ACTION ITEM ▸
Using the data that follows, give again word for word the lines between the one holding "购买单词机后,根据提示信息,通过APP扫" and the one holding "Twirl away in", inclusive. Omit the pictures.

SUPPLIED ENTRIES ▸

= Beginning of Section =

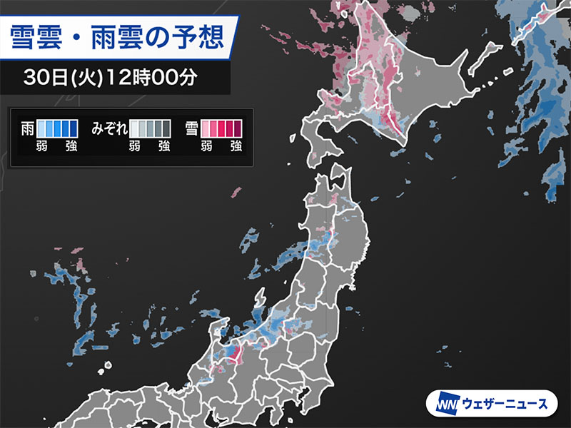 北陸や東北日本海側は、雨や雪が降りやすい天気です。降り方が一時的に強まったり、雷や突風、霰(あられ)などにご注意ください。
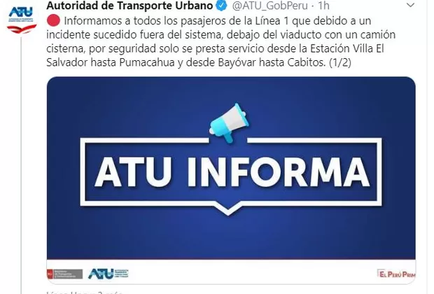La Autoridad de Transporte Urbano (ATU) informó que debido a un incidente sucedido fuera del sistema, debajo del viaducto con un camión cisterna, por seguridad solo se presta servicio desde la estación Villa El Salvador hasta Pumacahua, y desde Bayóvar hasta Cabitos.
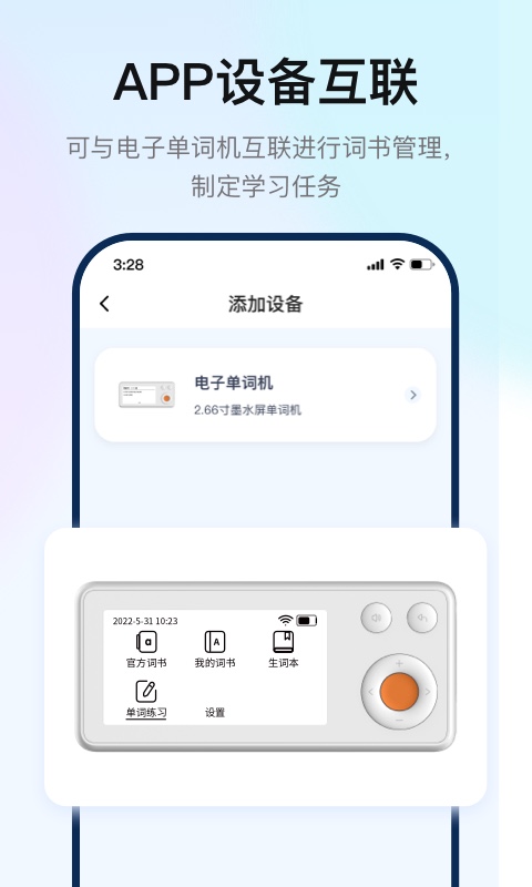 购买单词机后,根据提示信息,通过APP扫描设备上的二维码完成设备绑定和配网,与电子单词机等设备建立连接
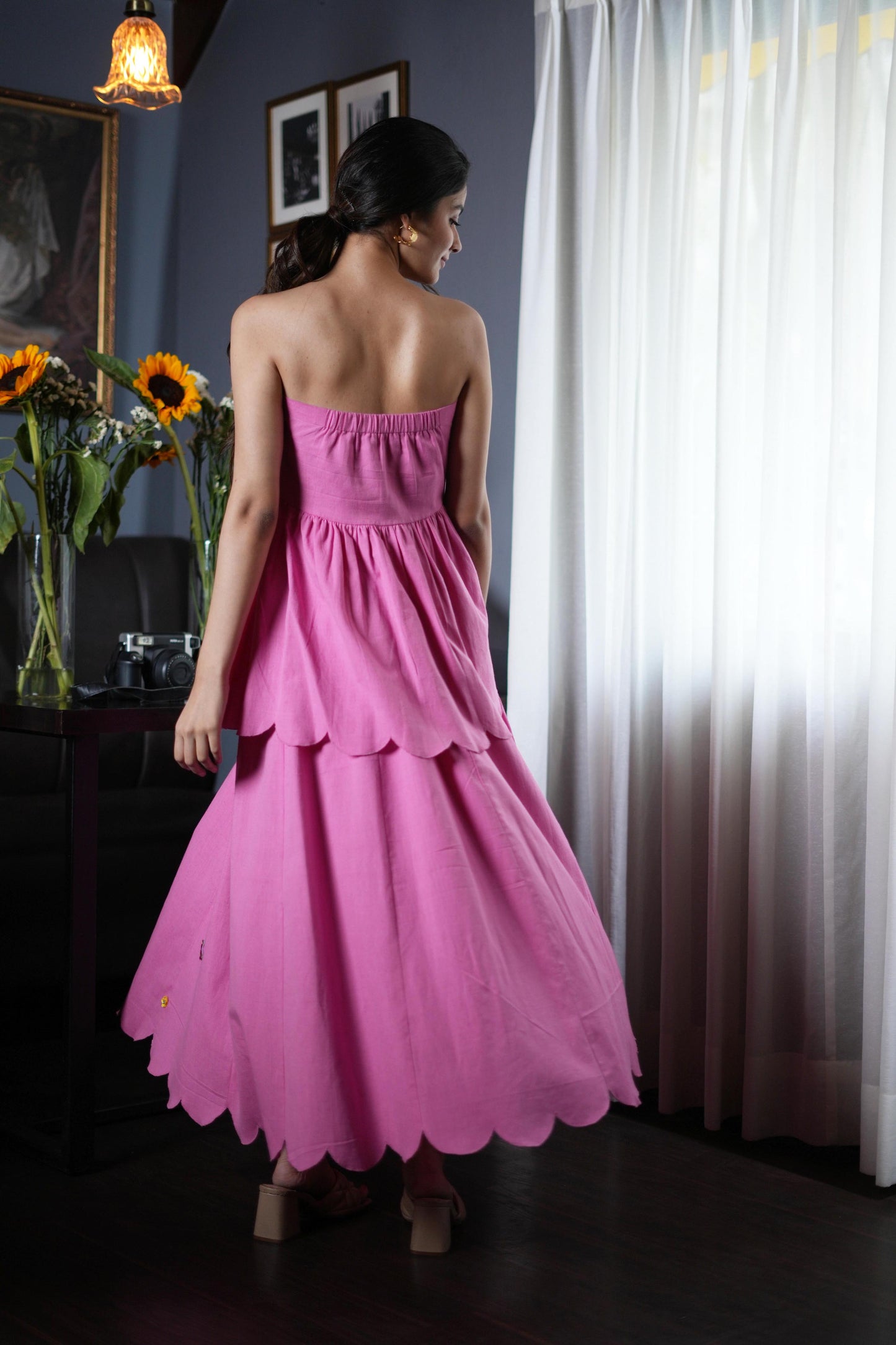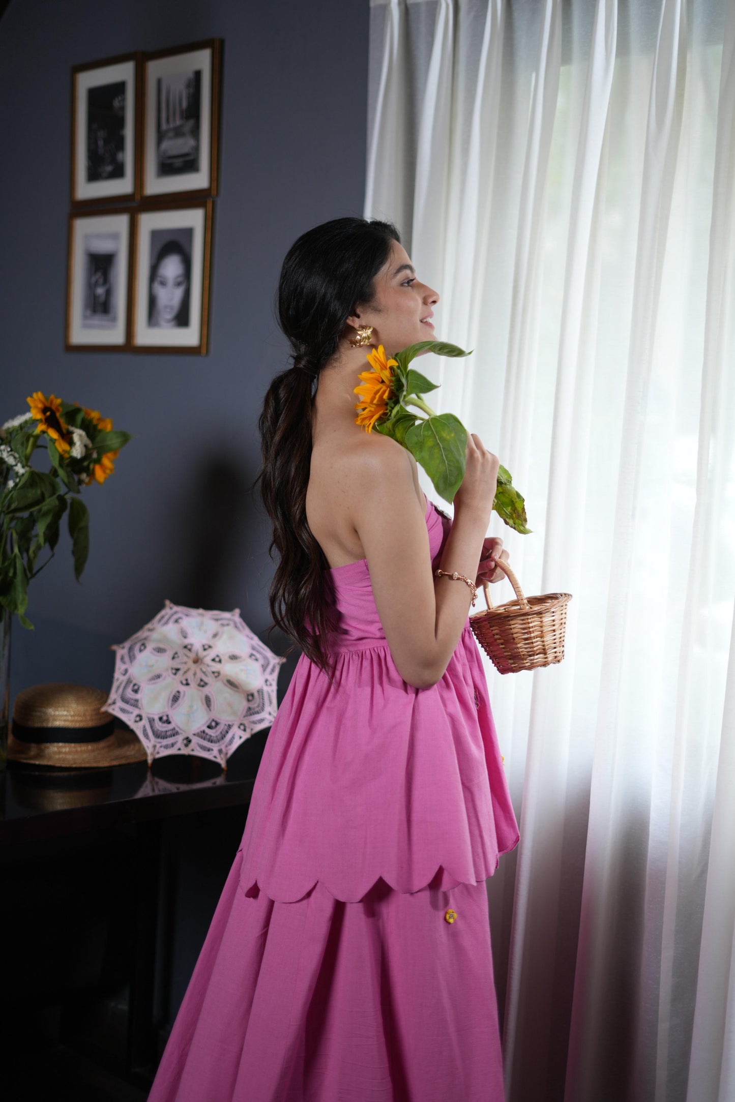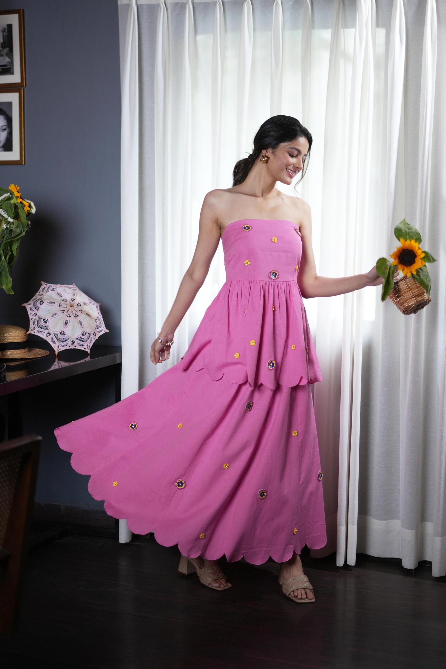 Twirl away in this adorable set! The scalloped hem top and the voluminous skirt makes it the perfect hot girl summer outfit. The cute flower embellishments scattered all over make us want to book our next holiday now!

= End of Section =
= Beginning of Section =

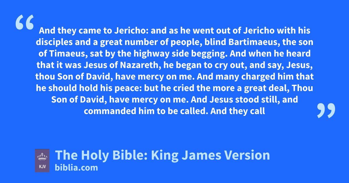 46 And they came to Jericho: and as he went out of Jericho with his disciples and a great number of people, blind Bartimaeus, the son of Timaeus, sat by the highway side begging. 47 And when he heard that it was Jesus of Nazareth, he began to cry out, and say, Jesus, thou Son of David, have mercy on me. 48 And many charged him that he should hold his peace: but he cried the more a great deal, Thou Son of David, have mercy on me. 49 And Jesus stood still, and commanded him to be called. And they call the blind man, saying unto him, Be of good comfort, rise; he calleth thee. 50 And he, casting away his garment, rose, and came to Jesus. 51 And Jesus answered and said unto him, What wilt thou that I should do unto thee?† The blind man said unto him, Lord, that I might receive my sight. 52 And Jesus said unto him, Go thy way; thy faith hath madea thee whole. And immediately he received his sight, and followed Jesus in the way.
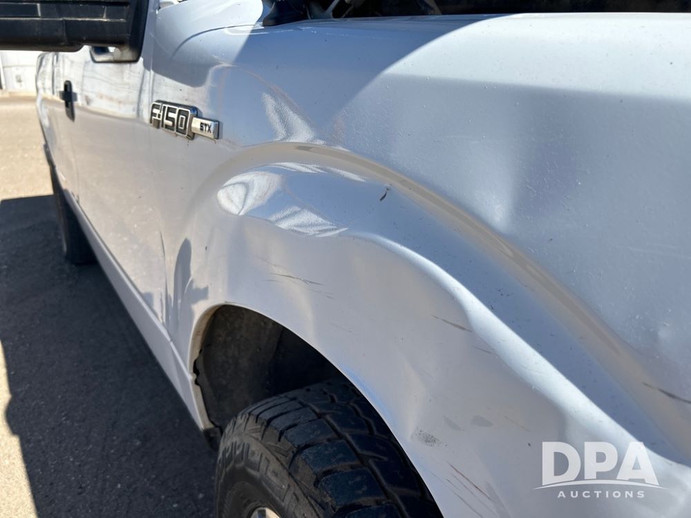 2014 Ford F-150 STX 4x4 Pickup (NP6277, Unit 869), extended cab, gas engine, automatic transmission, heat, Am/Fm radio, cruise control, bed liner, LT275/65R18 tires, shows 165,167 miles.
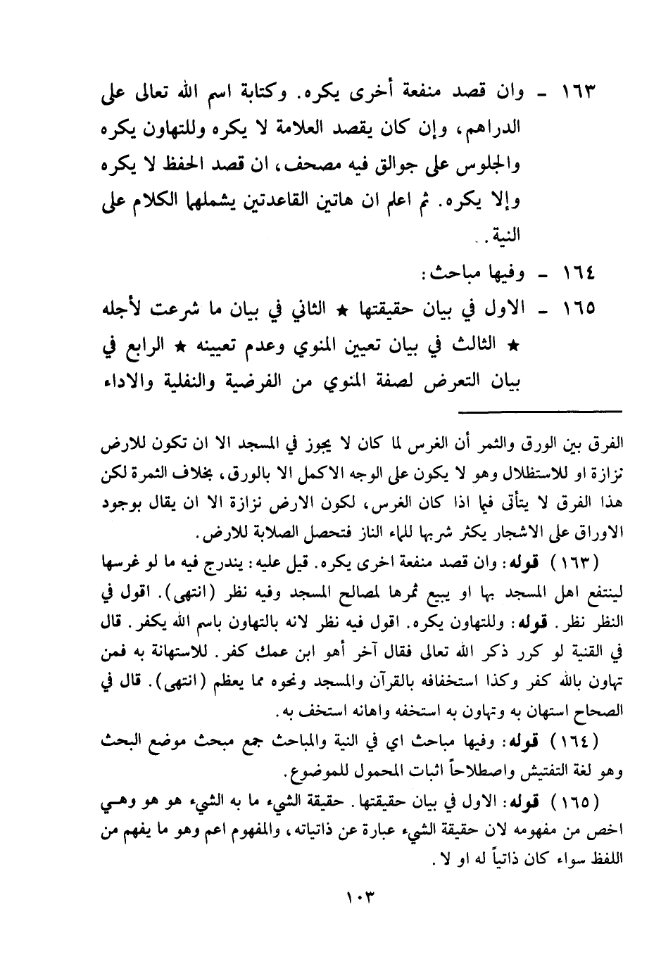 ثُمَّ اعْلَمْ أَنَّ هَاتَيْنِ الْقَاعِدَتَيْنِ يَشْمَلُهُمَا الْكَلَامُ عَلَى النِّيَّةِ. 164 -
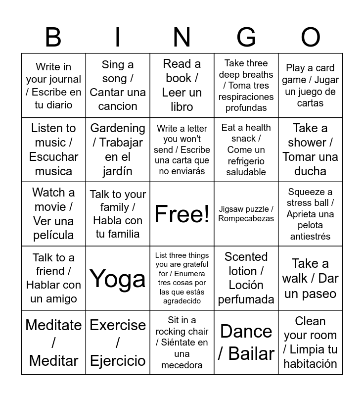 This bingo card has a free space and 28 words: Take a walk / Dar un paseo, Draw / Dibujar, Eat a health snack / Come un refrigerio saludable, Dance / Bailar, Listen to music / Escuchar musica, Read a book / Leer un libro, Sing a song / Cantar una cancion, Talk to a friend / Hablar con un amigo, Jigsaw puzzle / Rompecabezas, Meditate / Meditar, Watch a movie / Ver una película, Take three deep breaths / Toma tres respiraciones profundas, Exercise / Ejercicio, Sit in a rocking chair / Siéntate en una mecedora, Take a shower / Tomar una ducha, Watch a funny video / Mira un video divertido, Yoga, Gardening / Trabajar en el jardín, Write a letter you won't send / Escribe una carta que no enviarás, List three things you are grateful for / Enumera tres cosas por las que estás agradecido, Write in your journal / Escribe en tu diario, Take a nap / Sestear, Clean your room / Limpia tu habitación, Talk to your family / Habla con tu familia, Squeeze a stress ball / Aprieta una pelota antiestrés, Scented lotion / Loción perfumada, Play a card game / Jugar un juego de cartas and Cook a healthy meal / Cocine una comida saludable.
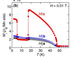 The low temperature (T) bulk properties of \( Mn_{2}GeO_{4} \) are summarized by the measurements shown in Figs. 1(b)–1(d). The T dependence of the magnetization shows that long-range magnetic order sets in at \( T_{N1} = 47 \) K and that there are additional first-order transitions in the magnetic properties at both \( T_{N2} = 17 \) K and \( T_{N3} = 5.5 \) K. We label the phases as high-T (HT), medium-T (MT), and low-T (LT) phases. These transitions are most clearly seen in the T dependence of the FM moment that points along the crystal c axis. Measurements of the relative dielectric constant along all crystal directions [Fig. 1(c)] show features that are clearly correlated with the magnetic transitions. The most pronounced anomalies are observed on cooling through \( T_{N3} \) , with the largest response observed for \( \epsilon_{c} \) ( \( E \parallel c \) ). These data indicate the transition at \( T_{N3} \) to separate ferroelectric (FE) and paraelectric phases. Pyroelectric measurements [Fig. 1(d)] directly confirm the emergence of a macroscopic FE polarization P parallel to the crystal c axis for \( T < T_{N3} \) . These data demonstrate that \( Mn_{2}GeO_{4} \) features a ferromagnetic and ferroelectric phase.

= End of Section =

SOLUTION FOR THIS PROBLEM ▸
 购买单词机后,根据提示信息,通过APP扫描设备上的二维码完成设备绑定和配网,与电子单词机等设备建立连接
 Twirl away in this adorable set! The scalloped hem top and the voluminous skirt makes it the perfect hot girl summer outfit. The cute flower embellishments scattered all over make us want to book our next holiday now!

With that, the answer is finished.